A filmic corollary to the Dada poems was the montage, formulated by the Russian director Sergei Eisenstein. Montage is so common today that we hardly recognize how revolutionary it must have been, but early 20th century Russia did not grow up on MTV. They were raised on plays that followed a rigidly discursive and logical structure, a view of dramatic action proponed by the stage director and acting teacher Konstantin Stanislavski. Montage, however, provided a non-discursive way of telling a story. The image of a ballon floating away juxtaposed with the face of a sad little boy might lead one to believe that the boy lost his balloon, but it does not "tell" the exact story. The story becomes a construction in the mind of a spectator based on a collage of individual images.

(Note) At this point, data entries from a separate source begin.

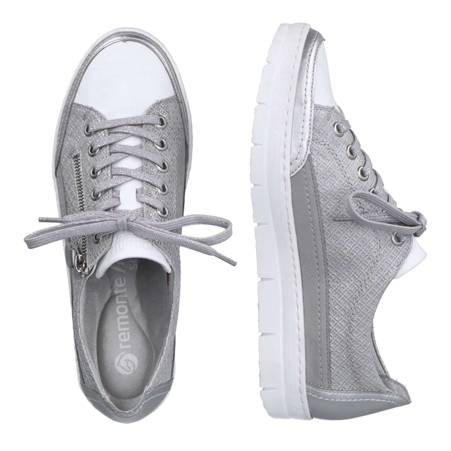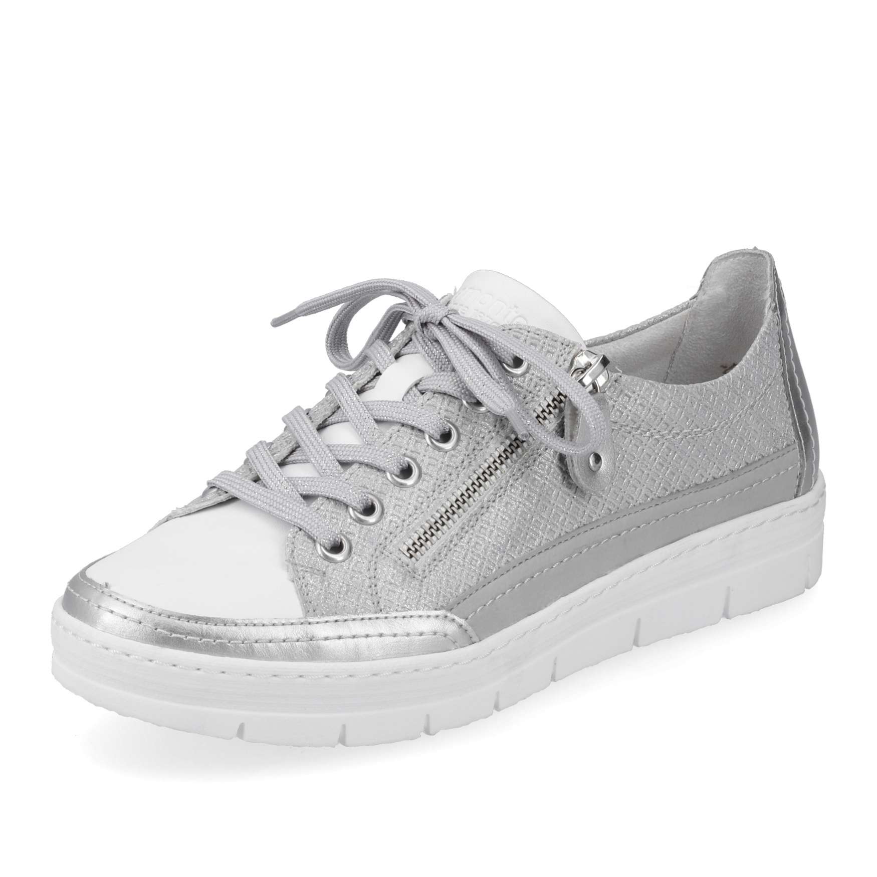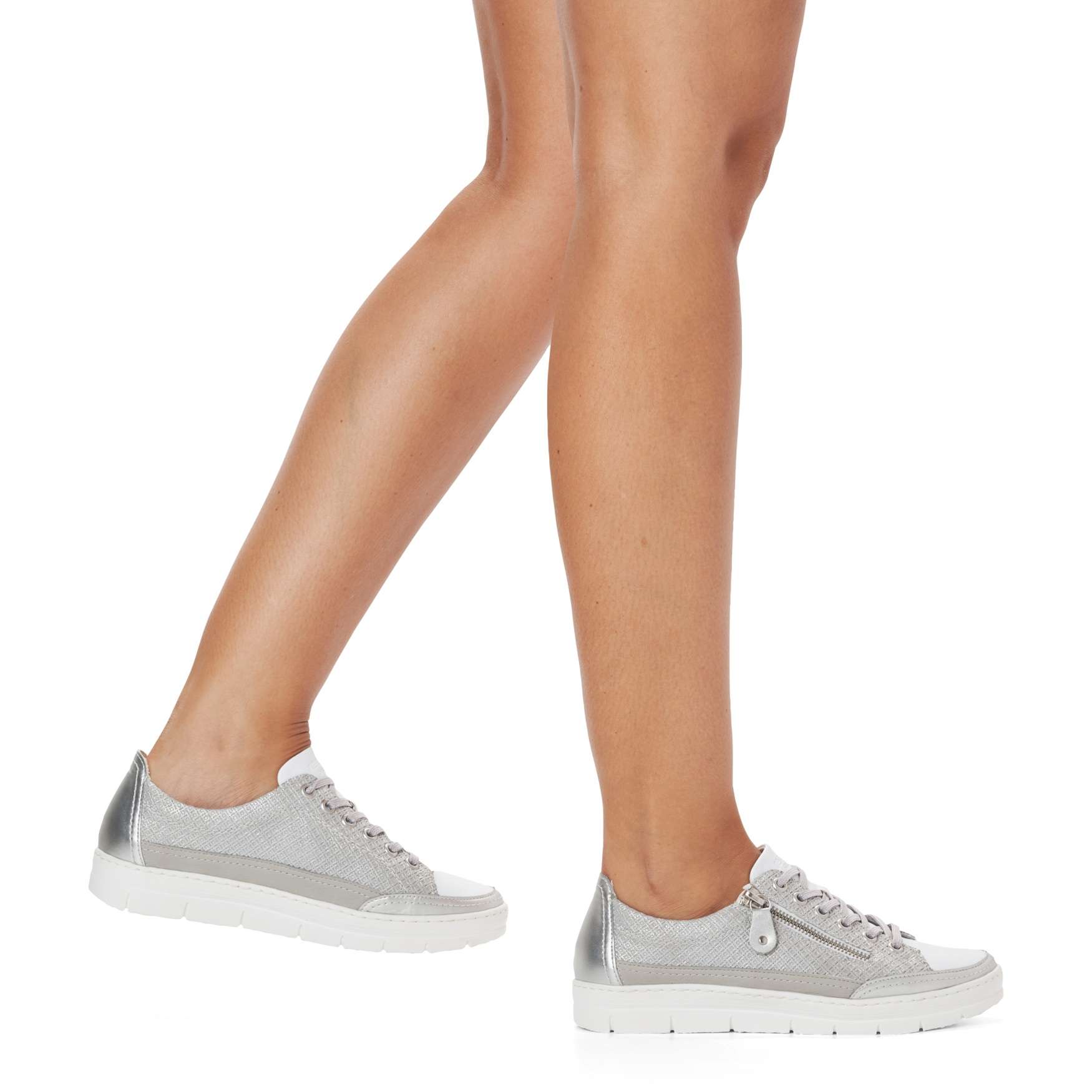 Detailní informace Obuv REMONTE je vyšší řadou značky RIEKER, obuv se vyznačuje kvalitou použitých materiálů. Tyto tenisky spojují eleganci a stylovou jistotu proto by neměly chybět ve Vaší skříňce na obuv. Zaručeně oceníte stylový vzhled svršku, který je ozdoben jemným prošíváním a lesklým materiálem. Jednoduché přizpůsobení dle Vašich požadavků zaručí šněrování šňůrkami a funkční zip. Pro Vaše maximální pohodlí na každém kroku je tady paměťová stélka, která je zároveň i vyjímatelná. Tento model tenisek oceníte na Vašich procházkách městem a skvěle budou vypadat snad se všemi outfity.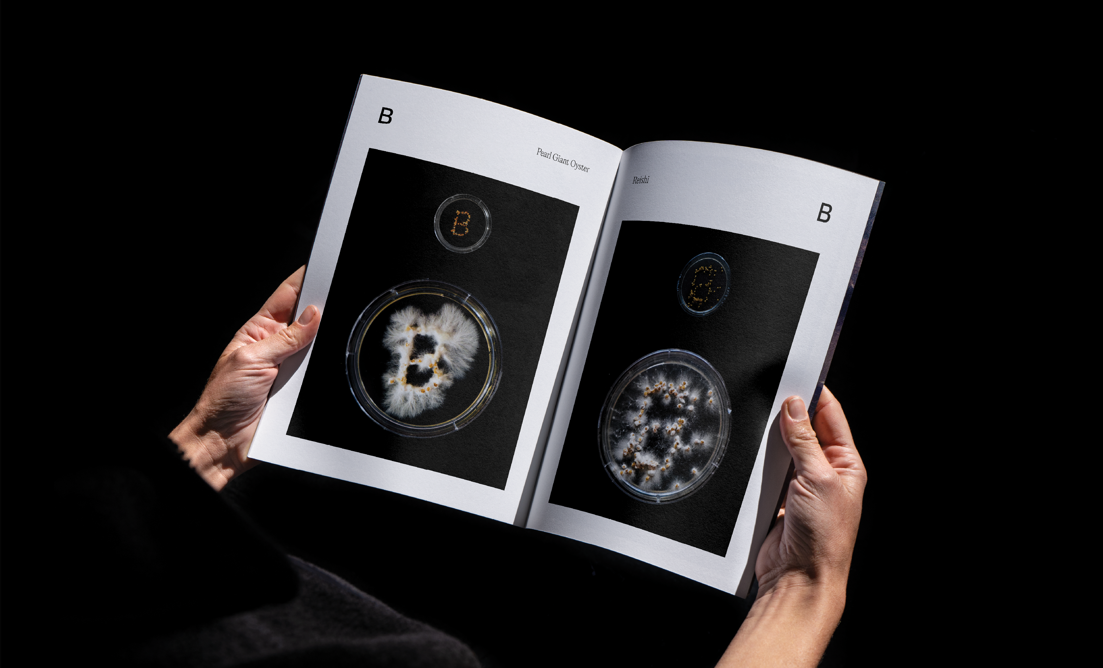 Investigating the unique structure and formation of the mycelium network as inspiration to develop a new, unconventional layout structure, distinct from the standard grid layout commonly used in visual design.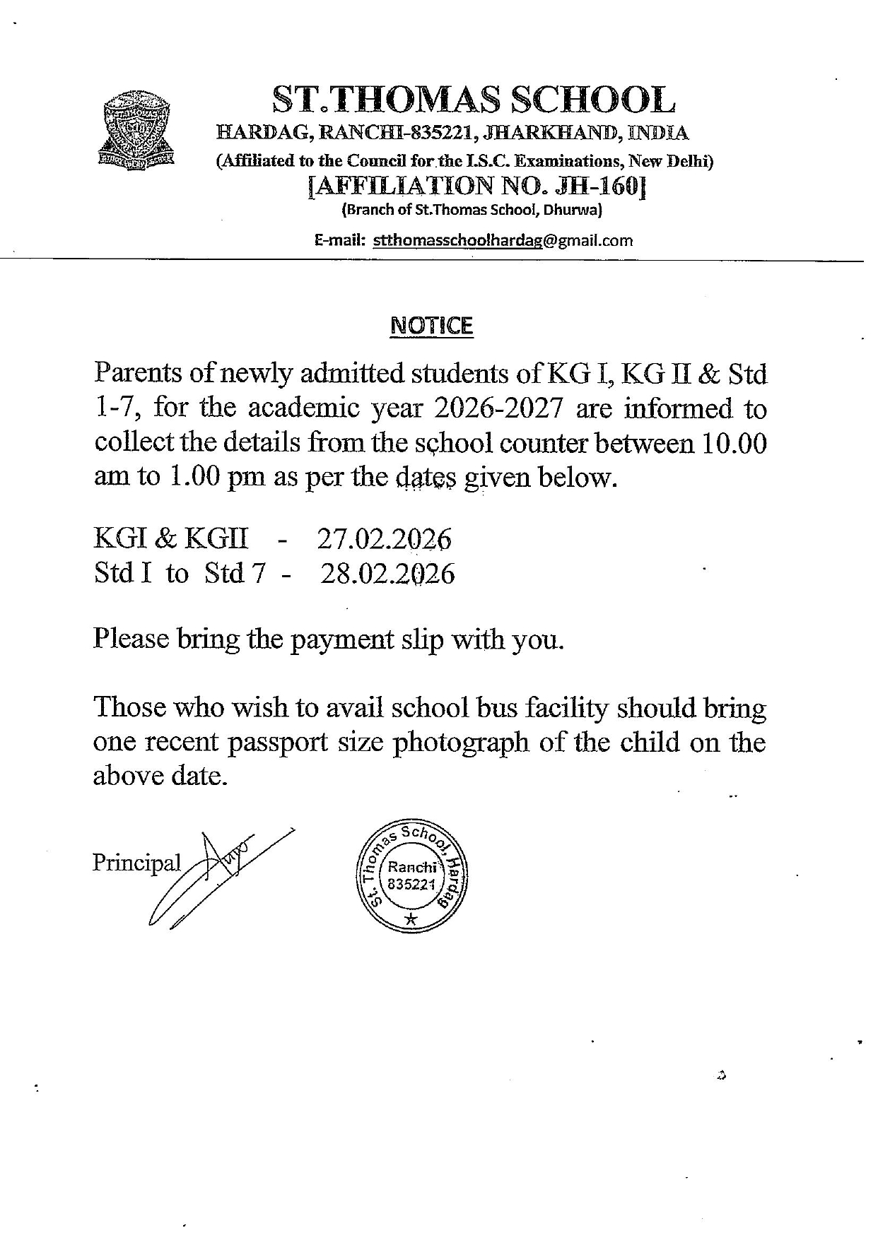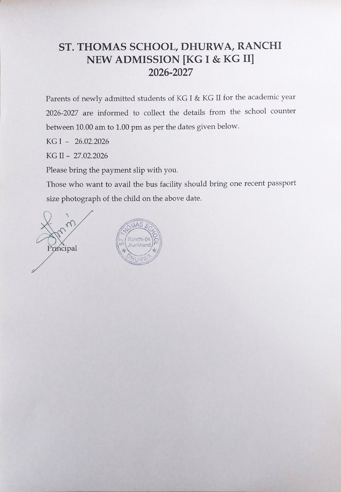 ▶ Admission Notice [KG-I & KG-II] for Session 2026-27 St. Thomas School Dhurwa◀ Admissions Open 2026-27- Please Contact Hardag School Office. ▶ Admission Notice [KG-I & KG-II] for Session 2026-27 St. Thomas School Hardag◀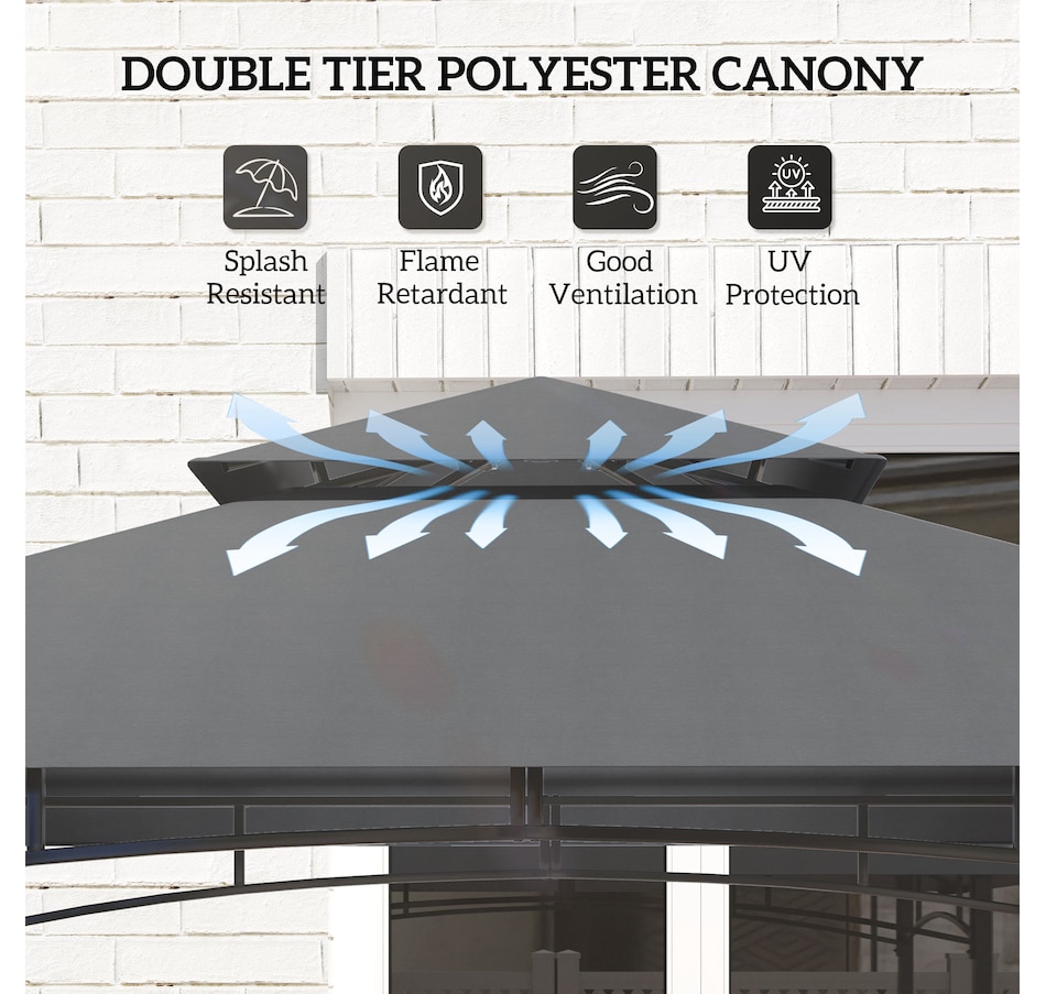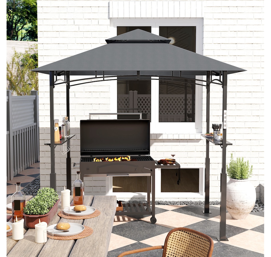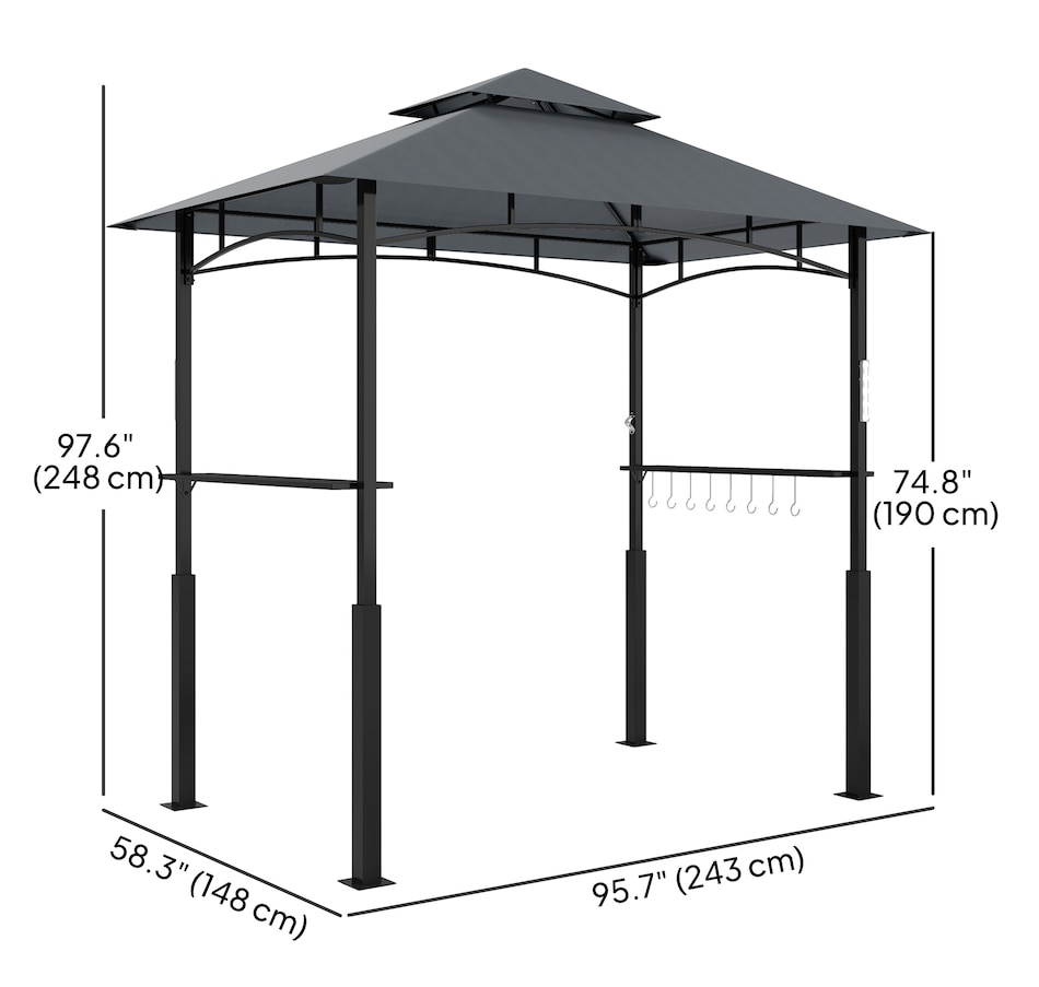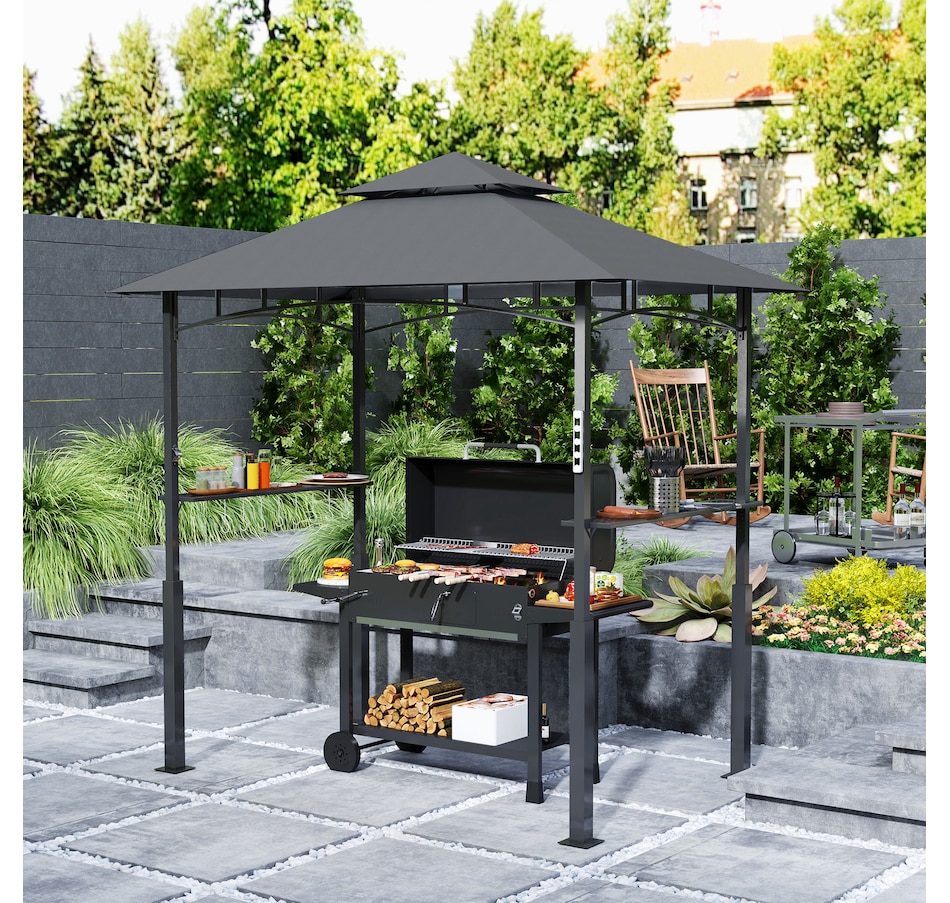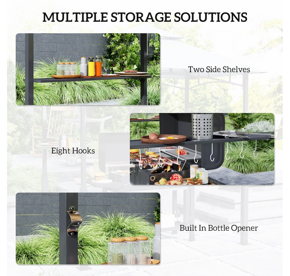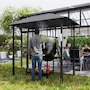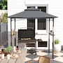 Transformez votre expérience de grillade avec le Gazebo BBQ Outsunny ! Son double toit améliore la circulation de l'air et empêche l'accumulation de fumée, tandis que l'auvent ignifuge, anti-UV et résistant aux éclaboussures assure la sécurité et le confort. Des étagères latérales et des crochets pratiques permettent de garder l'essentiel à portée de main, avec en prime un décapsuleur très pratique. Illuminez vos barbecues en soirée grâce aux lampes LED magnétiques incluses (piles non incluses).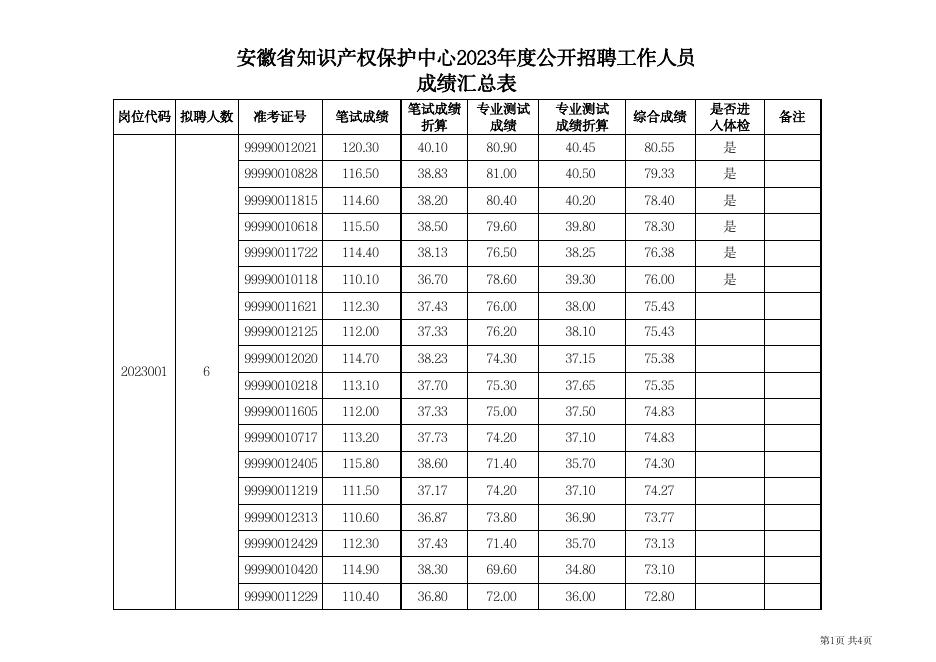安徽省知识产权保护中心2023年度公开招聘工作人员专业成绩汇总表.pdf

Happenings are such a sprawling subject that is difficult to give a brief of even coherent analysis without overlooking its importance as a movement. To most people, Happenings are just that: weird things that happen. They are not plays, they are not dance, they are not poetry. A happening can be a simple as watching the rain for 30 minutes or a complicated set of abstract physical movements. They are, however, relevant to the topic of tesselations in that they are defined as "non-matrixed performing" or, as Happenings guru Allan Kaprow describes them, an "allogical collage." Non-matrixed means that they lack the matrix of meaning available in traditional "plays" via the costumes, knowledge of the period, audience and character demographics, etc. They are simply events happening in a state of what Gertrude Stein calls "the continuous present." They are a performative version of a Penrose tiling. The events on their own are simply curious; what is important is the set of rules that allows them to be put together into a pattern. Not all Happenings follow patterns, but often they exhibit a mathematical, repeating, even fractal structure (e.g. people performing three actions each composed of three sub-actions, etc.) They are structured simplicity, structured life.The rise of electronic music and rap have ushered in a whole new era of tesselated art. Besides the plastic arts, music is probably the best suited to the use of tesselations because it relies on rhythmic structures which are themselves tesselations. Electronic sampling has allowed extremely precise aural collages that can be laid over the top of a predetermined rhythm. Rap artists can add a new dimension to older songs by the way they integrate them into the overall structure, as in Naughty By Nature's "O.P.P." which samples the Jackson Five's "ABC". ABC. O.P.P. Love. Sex. The differences between what is said and what is sampled create the overall effect, an audio montage. Repetition is another frequently used technique, especially in electronic music and techno. Laurie Anderson pioneered the technique with "O Superman," in which she alternates between robotic singing and robotic speaking over the top of an eight-minute loop of her speaking the single syllable "ah." The effect is haunting and the patterns are mechanically clear. Similar effects can be found in modern orchestral works, particularly the work of Philip Glass.
The aesthetics of tesselation seem far removed from the simple binary aesthetics of symmetry, but really they are one and the same. The difference lies in our perception. Our mind processes much faster than it once did. We no longer need to see the whole picture, hear the whole song, or read the whole story, but perhaps we have lost in depth of thought what we have gained in speed.